The American continents, by the free and independent condition which they have assumed and
maintain, are henceforth not to be considered as subjects for future colonization by any
European powers... The citizens of the United States cherish sentiments the most friendly, in
favor of the liberty and happiness of their fellow men on that side of the Atlantic. In the wars of
the European powers, in matters relating to themselves, we have never taken any part... It is
only when our rights are invaded, or seriously menaced, that we resent injuries, or make
preparation for our defense. With the movements in this hemisphere, we are, of necessity,
more immediately connected...
We owe it, therefore, to candor, and to the amicable relations existing between the United
States and those powers, to declare, that we should consider any attempt on their part to
extend their system to any portion of this hemisphere, as dangerous to our peace and safety.
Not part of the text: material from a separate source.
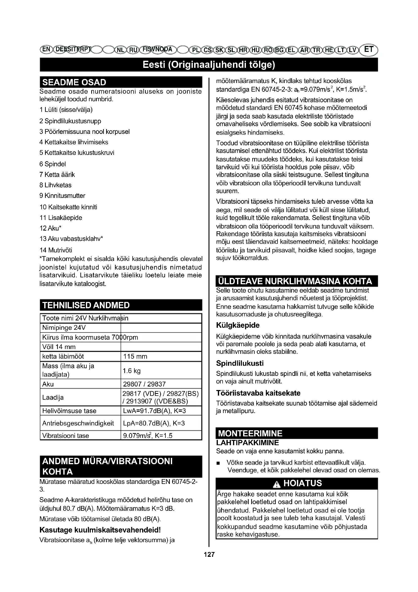 Selle toote ohutu kasutamine eeldab seadme tundmist ja arusaamist kasutusjuhendi nõuetest ja tööprojektist. Enne seadme kasutama hakkamist tutvuge selle kõikide kasutusomaduste ja ohutusreeglitega. Külgkäepide Külgkäepideme võib kinnitada nurklihvmasina vasakule või paremale poolele ja seda peab alati kasutama, et nurklihvmasin oleks stabiilne. Spindlilukusti Spindlilukusti lukustab spindli nii, et ketta vahetamiseks on vaja ainult mutrivõtit. Tööriistavaba kaitsekate Tööriistavaba kaitsekate suunab töötamise ajal sädemeid ja metallipuru. MONTEERIMINE LAHTIPAKKIMINE Seade on vaja enne kasutamist kokku panna. ■ Võtke seade ja tarvikud karbist ettevaatlikult välja. Veenduge, et kõik pakkelehel olevad osad on olemas. HOIATUS Ärge hakake seadet enne kasutama kui kõik pakkelehel loetletud osad on lahtipakkimisel ühendatud. Pakkelehel loetletud osad ei ole tootja poolt koostatud ja see tuleb teha kasutajal. Valesti kokkupandud seadme kasutamine võib põhjustada raske kehavigastuse.Eesti (Originaaljuhendi tõlge)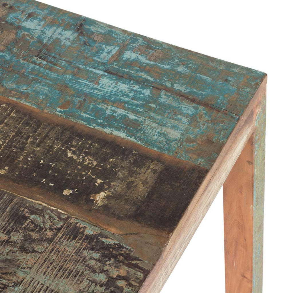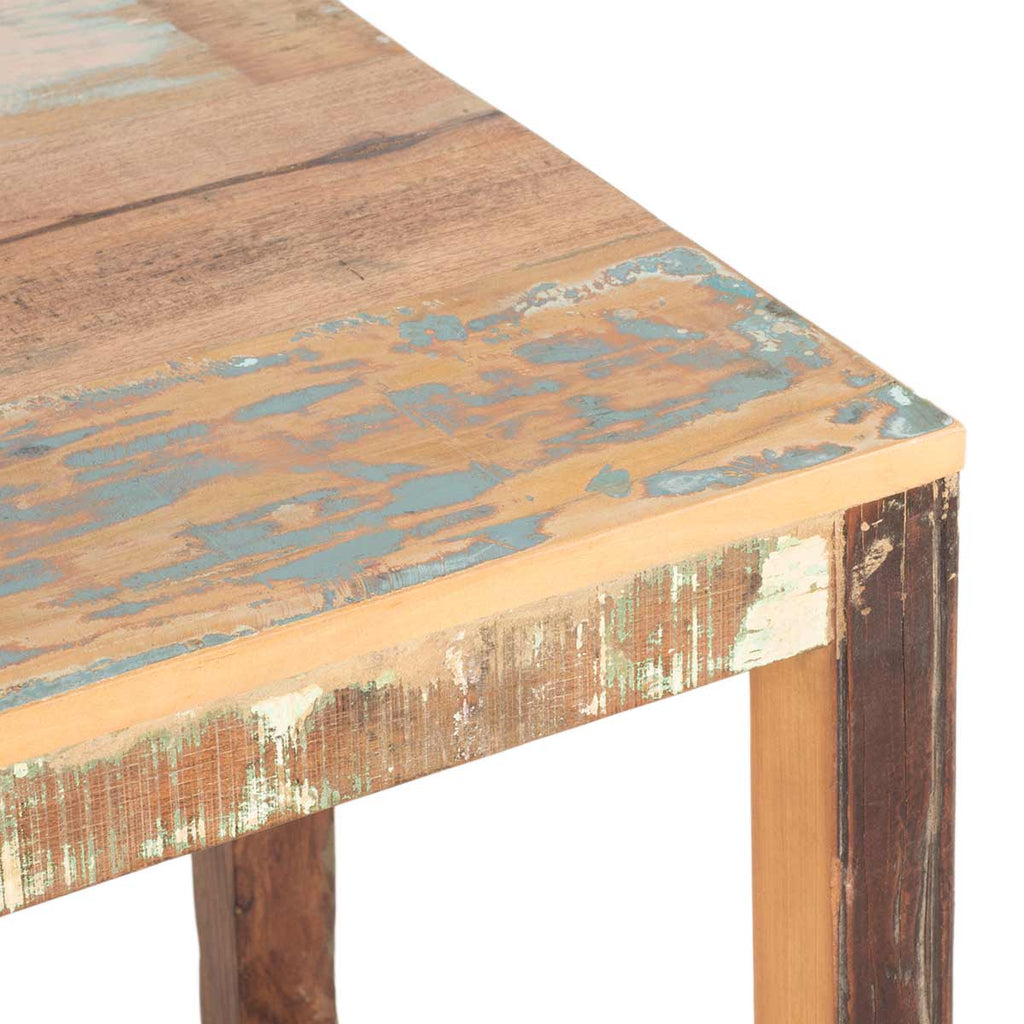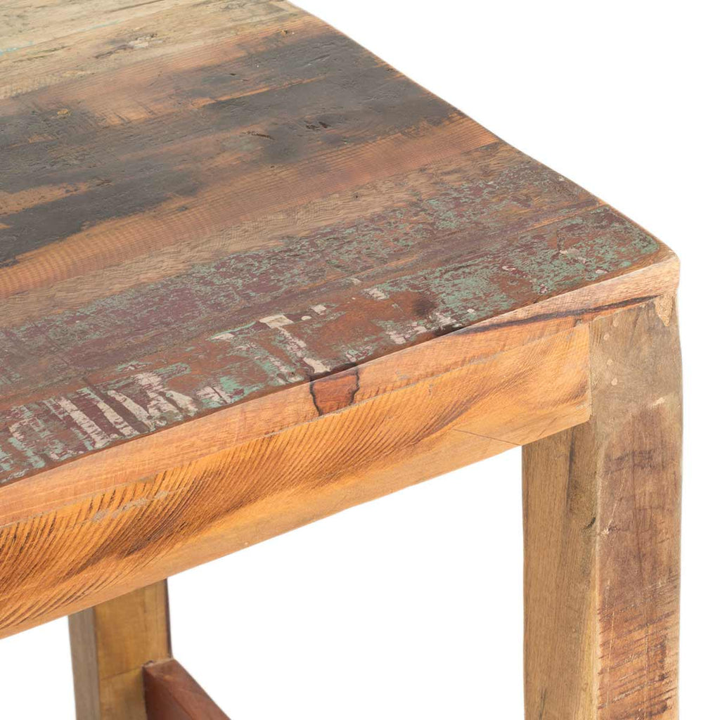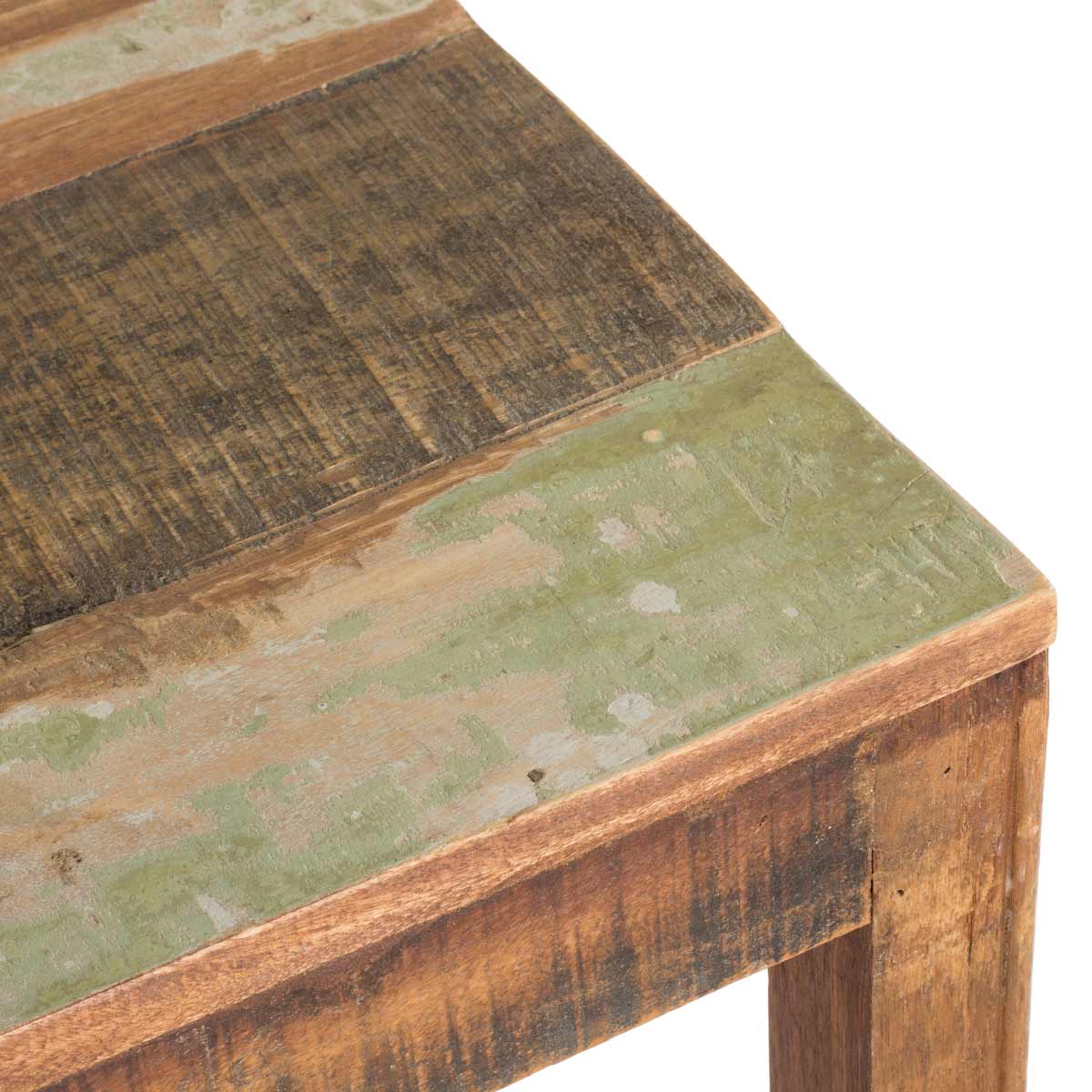 Esta mesa auxiliar cuadrada está fabricada en madera maciza con efectos de decapado, un acabado que resalta su carácter único y artesanal. Su belleza destaca en la variación de formas y tonalidades de la madera, obtenidas mediante un proceso manual y artesano que convierte cada pieza en un objeto singular lleno de personalidad. Es una pieza ideal para aportar calidez y autenticidad a salones dormitorios o rincones especiales, donde su textura natural y su acabado envejecido añaden encanto y elegancia de forma discreta. Fabricada íntegramente en madera maciza trabajada a mano, garantiza solidez durabilidad y un estilo atemporal perfecto para cualquier ambiente.

With the existing colonies or dependencies of any European power we have not interfered, and
shall not interfere. But with the governments who have declared their independence, and
maintained it, and whose independence we have, on great consideration, and on just
principles, acknowledged, we could not view any interposition for the purpose of oppressing
them, or controlling, in any other manner, their destiny, by any European power in any other
light than as the manifestation of an unfriendly disposition towards the United States....
James Monroe, 1823 (“The Monroe Doctrine”)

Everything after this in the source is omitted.